I serve in a province in which it is all but impossible to agree on what it is that we have actually agreed on. Clergy vow and sign that we will only lead liturgy that we have agreed to, but the rules and regulations are such a patchwork of new patches on old cloths that the tears and holes increase week by week. Our diocesan synod passed unanimously with acclamation my motion to ask General Synod Te Hinota Whanui (GSTHW) to set in motion a review on liturgical agreement. GSTHW could not agree to discuss it – so it has been left (one presumes) to be dealt with by the we-never-hear-from-them Standing Committee.
This is the local context in which I read my e-friend Rev. Scott Gunn’s blog post Catholicity and creativity. I set his reflection in the frame of comments that real creativity is encouraged by limits, and agree with Scott that, yes, there are rare exceptions where deep study leads to a community being a growing edge by intentionally rejecting an agreement.

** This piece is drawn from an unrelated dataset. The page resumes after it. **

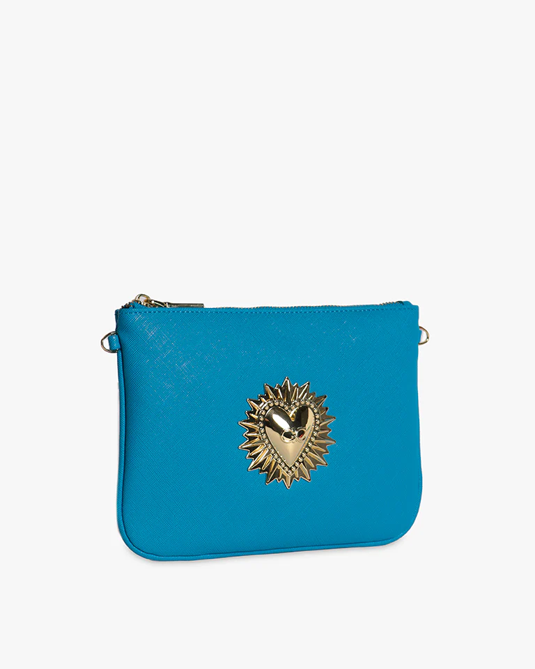 Bustina in saffiano disponibile in azzurro , corallo e nero.

I cannot think of such a community here.
So I wish my province had the clarity as the context in which to read Scott’s post. Nonetheless the principles he presents are as true here as there:
…I think we Episcopalians should do what the prayer book says when it comes to our public worship…
Contrary to popular belief, Anglican Christianity has core beliefs. The via media does not mean “all things in moderation.” Not only does the historic Book of Common Prayer bind us together liturgically, but the texts root us in a particular theological context. Our sometimes-erastian worldwide national structure has both liabilities and strengths, but our common life in the Anglican Communion is a beautiful part of who we are.
So I find it distressing when people are quick to jettison our Anglican liturgical life. Mind you, it’s not because I think the Anglican liturgical life is the only way to worship “in spirit and in truth.” Rather, it’s because if I want to have total freedom in my worship, there are branches of the church in which my desire can be aligned with the church’s charism. In other words, if you’re going to call yourself an Anglican, be an Anglican…
My concern is this: too many clergy (it’s usually the clergy who are the culprits) view themselves as qualified to rewrite, reject, or reinvent liturgy for public worship. Forms of service are devised which bear no resemblance to anything Anglican. Prayers are edited to the point where they are no longer Anglican, or in some cases, even Christian. Frankly, most of us clergy aren’t as clever as we imagine when it comes to liturgy, and we should have more respect for the lay folk we serve than the inflict our own predilections on them. Local clergy decide they can do whatever they want, regardless of what the bishop might have said if asked. Or, worse yet, bishops imagine they have the authority to dispense with church order to grant permission for anything that pleases them (or which they are unwilling to refuse). What binds these trends together is a willful flouting of church order. We are a catholic church — in which there is churchwide, synodical, and episcopal authority — not a church where congregations or even individual bishops reign supreme.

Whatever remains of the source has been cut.